The New Zealand Dollar (NZD) continued its upward momentum for the sixth consecutive session on Monday, trading near 0.5970 during the Asian session. The Kiwi’s strength is largely attributed to broad-based US Dollar (USD) weakness, driven by mounting fears over the economic impact of the United States’ expanding tariff regime.
Investor sentiment towards the NZD received a further boost after the People’s Bank of China (PBoC) held its benchmark Loan Prime Rates steady on Monday, leaving the one-year rate at 3.10% and the five-year rate at 3.60%. The decision signaled stability in monetary policy from China, New Zealand’s top trading partner, and helped maintain investor confidence in the region’s economic prospects.

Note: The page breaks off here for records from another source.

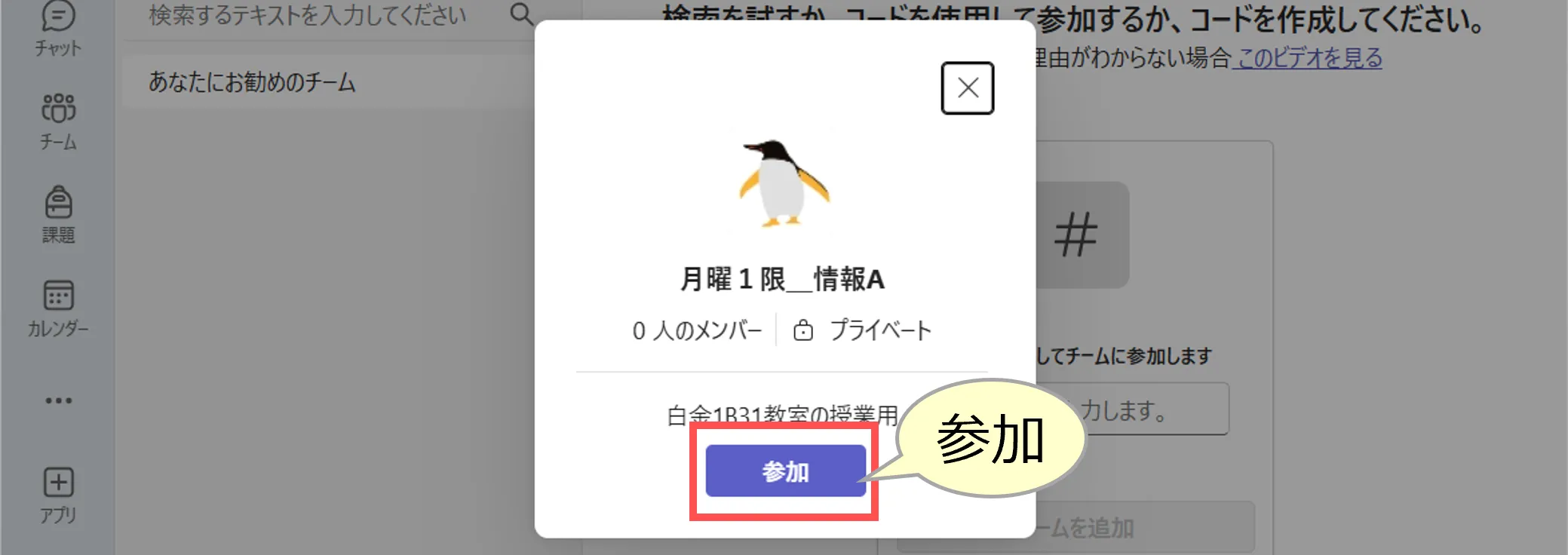 4.「チームに参加」をクリック
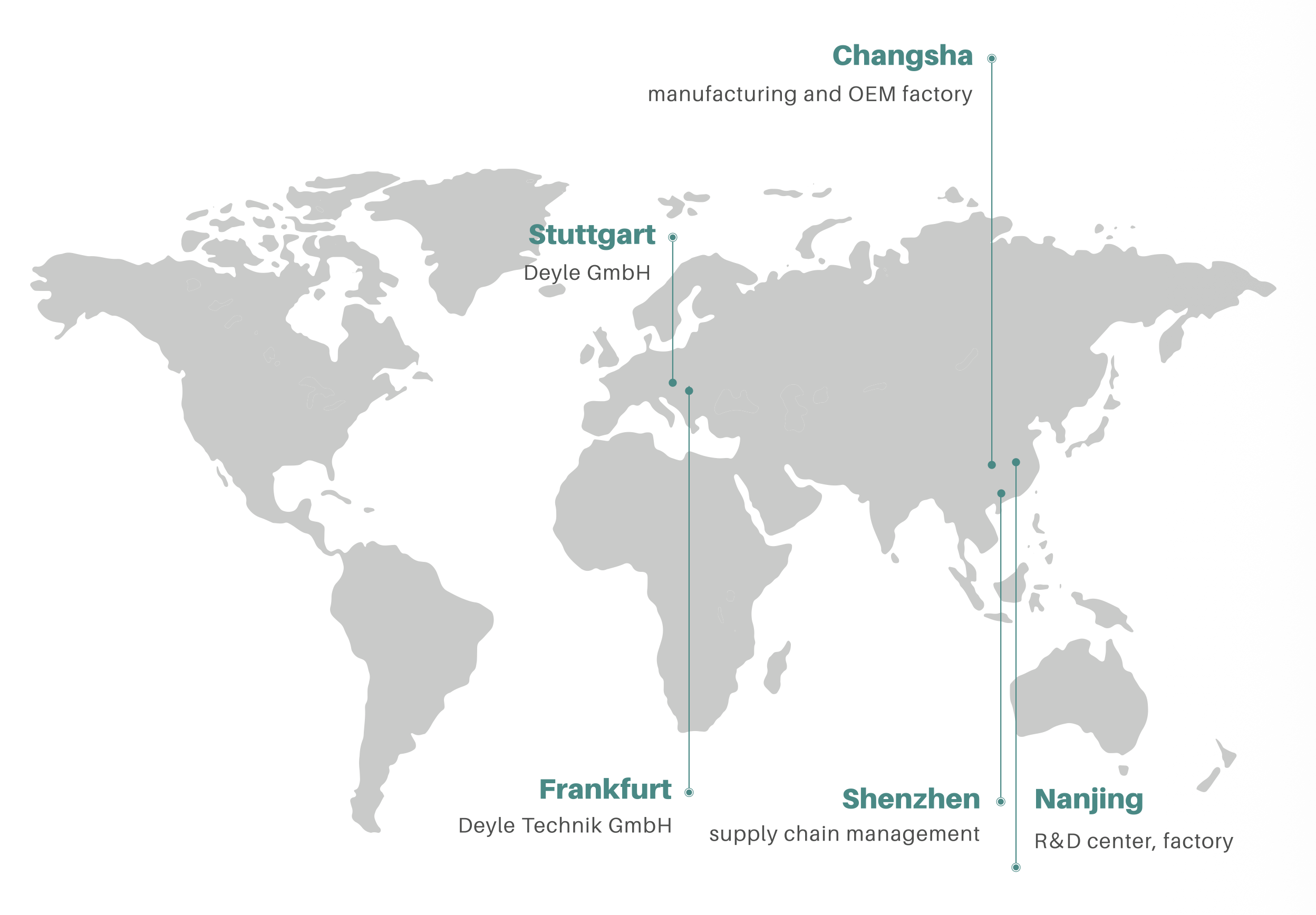 Deyle Group has offices in Stuttgart and Frankfurt, Germany, as well as in Nanjing, Changzhou, and Shenzhen, China, with approximately 200 employees. Its manufacturing and OEM factories are located in Stuttgart, Germany, and in Nanjing, Changzhou, and Changsha, China.
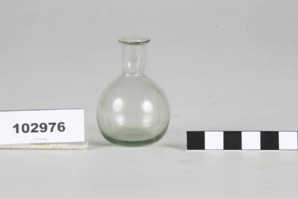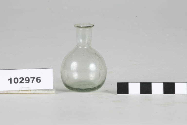 Balsamario di colore verdino a corpo globulare, bordo distinto, labbro estroflesso, collo cilindrico e ventre globoso.
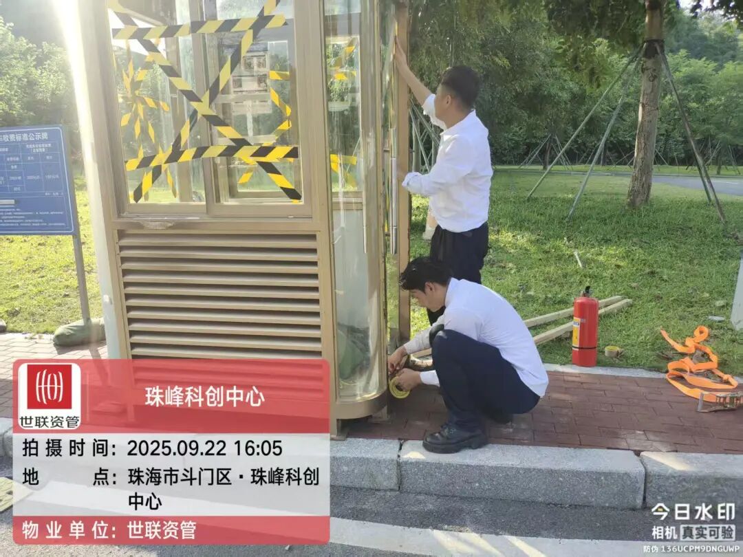 對珠光集團旗下園區內的樓宇廣告牌、生命通道、應急避難場所等防汛防風部位的隱患全面排查和清理。要求應急人員全部到崗到位,對防汛物資,應急物資準備情況以及值班、搶險隊伍備勤情況和園區建筑物排水系統、消防系統、監控系統、外立面及門窗系統進行全面排查。做好園區企業客戶的安全保障工作,同時對園區企業和商戶盡數告知和勸導,堅決落實“五停”措施,預備應急避難場所。

Adding to the positive tone, the White House announced exemptions for several key technology products—primarily manufactured in China—from the latest round of proposed reciprocal tariffs. The move was seen as a concession aimed at easing trade tensions and is likely to benefit New Zealand indirectly by preserving trade flow stability with China.
However, tensions remain elevated. The US has imposed tariffs on Chinese vessels docking at American ports, a decision that could significantly disrupt global shipping logistics and intensify the US-China trade standoff.
On the political front, speculation swirled last week after reports emerged that President Donald Trump is increasingly dissatisfied with Federal Reserve Chair Jerome Powell’s leadership, even exploring the possibility of removing him. While markets initially brushed off the rumors, White House economic adviser Kevin Hassett later confirmed Trump is weighing his options, introducing an element of uncertainty into monetary policy outlooks.
Meanwhile, the US Dollar Index (DXY) plunged over 0.50%, trading around 98.50—its lowest level since April 2022—adding further fuel to the NZD/USD rally. With growing doubts over US economic leadership and global trade tensions, the Kiwi appears well-positioned to retain support in the near term, barring any sudden shifts in geopolitical or monetary dynamics.